4. The Dick LeBeau Factor

The legendary defensive coordinator, inducted into the Pro Football Hall of Fame in 2010, is 80 years old and still on the sideline calling plays. He’s most known around New England for when he was in Pittsburgh from 2004-14. Back then, Tom Brady was a thorn in his side. Brady and his mates have owned LeBeau and his zone-blitz scheme. On Saturday, LeBeau went after Alex Smith, blitzing heavily with linebackers Woodyard and Orakpo and leaving Smith with little time to throw. However, Brady’s quick reads and quick delivery have usually been a recipe for success against that approach. In fact, he typically picks apart any zone.
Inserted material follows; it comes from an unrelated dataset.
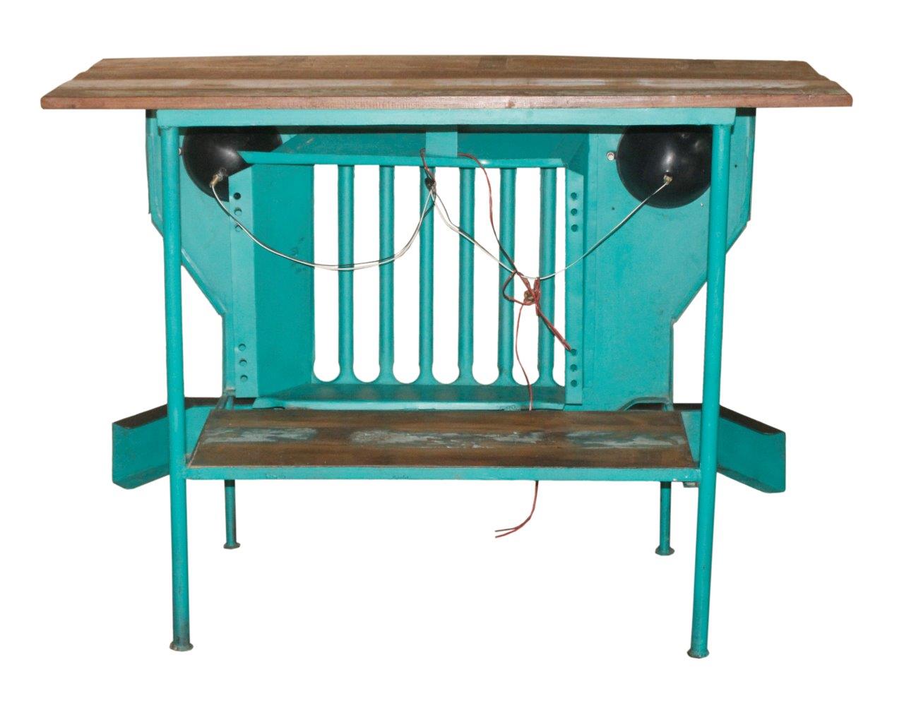 The base is finished in a majestic tri-color teal, white, and rust patina, providing a vibrant industrial foundation for the slim-profile solid wood top. The natural, weathered grain of the reclaimed wood surface offers a warm organic contrast to the cold-rolled steel of the vehicle facade. Perfect for a luxury man-cave, a boutique garage suite, or an eclectic industrial lounge, this artisan console includes a discreet lower solid wood shelf for glassware or collectibles.

The one time LeBeau switched up and went with more man-coverage was one of the few times the Steelers had success.

5. Run, Gronk, run

The Titans got a break when Chiefs tight end Travis Kelce left the game with a concussion. When he was in the game, they could not stop him, allowing four catches for 66 yards and a 13-yard touchdown reception. The second-half Chiefs offense was lost without him. If the Titans had no answer for Kelce, they won’t have a clue with Rob Gronkowski, the best tight end in the game. Disregarding the season finale against the Jets — in which he wasn’t even targeted — Gronk has 28 catches on 39 targets for 464 yards and three touchdowns in his previous four games. That’s an average of 16.6 yards per catch. After missing last season’s Super Bowl run, a healthy Gronk is primed for a big postseason.